ここに記載する本発明における使用に適したさらなるネブライザとしては、振動発生器および水性チャンバを備えるネブライザが挙げられる。かかるネブライザは、かかるネブライザは、例えば、Pari eFlow(登録商標)として市販されており、米国特許第6,962,151号、同第5,518,179号、同第5,261,601号および同第5,152,456号(これらは各々、参考として具体的に本明細書に援用される)に記載されている。
噴霧化において使用されるパラメータ、例えば、流速、メッシュ膜サイズ、エーロゾル吸入チャンバのサイズ、マスクのサイズおよび材質、弁ならびに電源などは、これらの使用を最大限にするための本発明の原理に従い、種々の型の水性吸入混合物または種々の型のコルチコステロイドにより異なり得る。

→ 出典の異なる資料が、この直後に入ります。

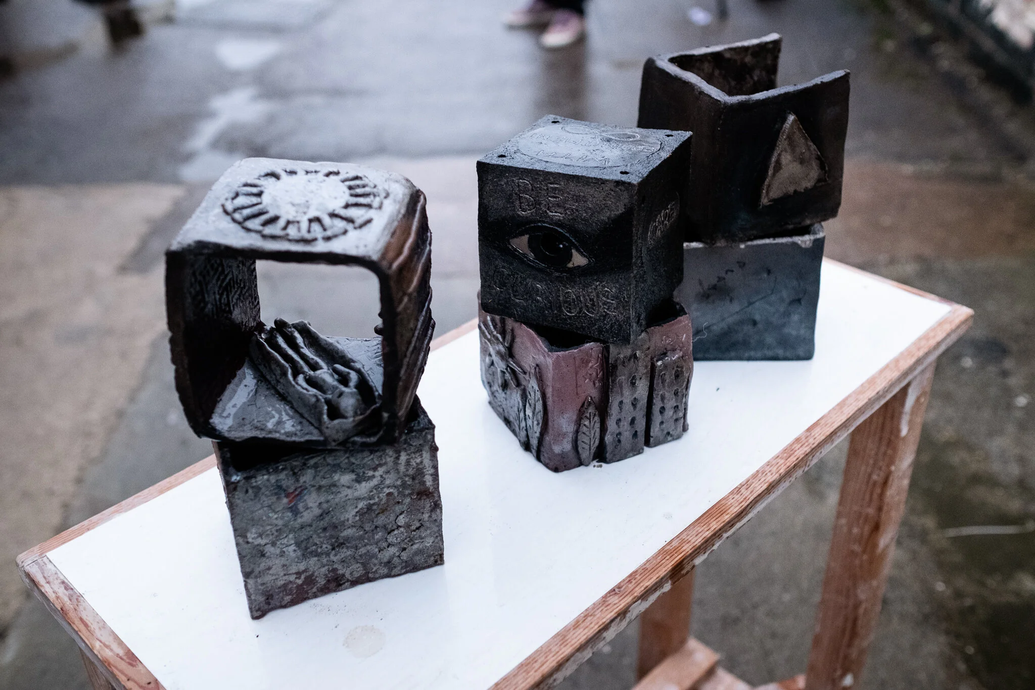 The Comrades created a series of 10 × 10 cm raku-fired ceramic cubes, each capturing personal concerns, emotions and reflections from 2020. Some were made at home during online making sessions; others were created in brief periods when small groups were able to meet in person. The work documents a community holding itself together through creativity at a time when connection felt fragile.

上記のネブライザに加え、アトマイザもまた、コルチコステロイドおよび溶解度向上剤を含む水性吸入溶液の送達のための本明細書に記載のシステムおよび方法に適している。アトマイザは、当該技術分野で知られており、例えば、米国特許第5,954,047号、同第6,026,808号、同第6,095,141号および同第6,527,151(これらは各々、参考として本明細書に具体的に援用される)に記載されている。

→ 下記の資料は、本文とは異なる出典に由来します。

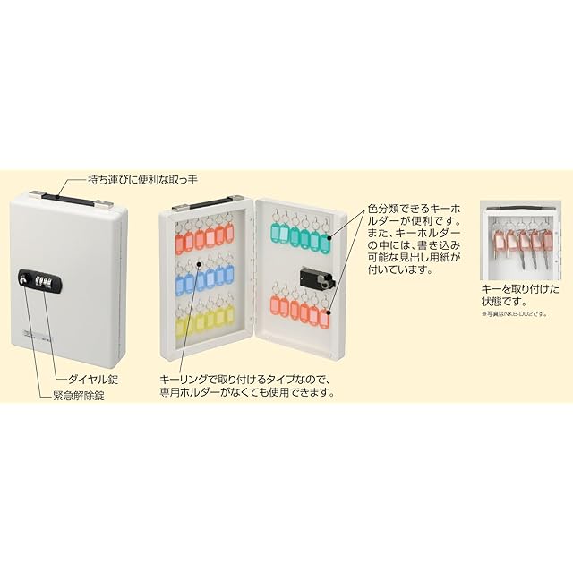 付属品:キーホルダー28個(赤9個・青9個・黄5個・緑5個)、シリンダーキー2本、木ネジ3本(約30mm)

特定のある好ましい実施形態において、本明細書に記載の方法およびシステムは、ジェットネブライザ、超音波ネブライザ、拍動メンブレンネブライザ、多数の孔を有する振動メッシュまたはプレートを有するネブライザ、または振動発生器および水性チャンバを備えるネブライザからなる群より選択されるネブライザを含む。本発明の一部の実施形態において、ネブライザは、Pari LC Jet Plus、Intertech、Baxter Misty−Neb、Hudson T−Updraft II、Hudson Ava−Neb、Aiolos、Pari LC Jet、DeVilbiss Pulmo−Neb、Hudson Iso−Neb(B)、Hudson T−Updraft Neb−U−Mist、Pari−Jet 1460、およびT−pieceを伴うAeroTechからなる群より選択される。他の特定の実施形態において、ネブライザはPari eFlowネブライザである。
本発明の他の態様において、本明細書に記載の方法およびシステムにより、喘息、小児喘息、気管支喘息、アレルギー性喘息、内因性喘息、慢性閉塞性肺疾患(COPD)、慢性気管支炎、気腫、または前記のものの任意の組合せからなる群より選択される気管支収縮性障害を有したことがあるか、または該障害が予期される被験体の処置のために、コルチコステロイド(例えば、ブデソニド)を含む水性吸入型混合物が被験体に治療有効量で送達され得る。
本発明のさらに他の態様において、本明細書に記載の方法およびシステムは、本明細書に記載の方法およびシステムに従って1日2回(b.i.d)以下で投与されるコルチコステロイドを含む水性吸入混合物を含む。さらに別の態様において、水性吸入混合物は、ブデソニドなどのコルチコステロイドを含み、該水性吸入混合物は、本明細書に記載の方法およびシステムに従って1日2回投与される。また別の態様において、水性吸入混合物は、ブデソニドなどのコルチコステロイドを含み、該水性吸入混合物は、本明細書に記載の方法およびシステムに従って1日1回以下で投与される。さらにまた別の態様において、水性吸入混合物は、ブデソニドなどのコルチコステロイドを含み、該水性吸入混合物は、本明細書に記載の方法およびシステムに従って1日1回投与される。さらに別の実施形態において、水性吸入混合物は、ブデソニドなどのコルチコステロイドを含み、該水性吸入混合物は、本明細書に記載の方法およびシステムに従って夕方に1日1回以下で投与される。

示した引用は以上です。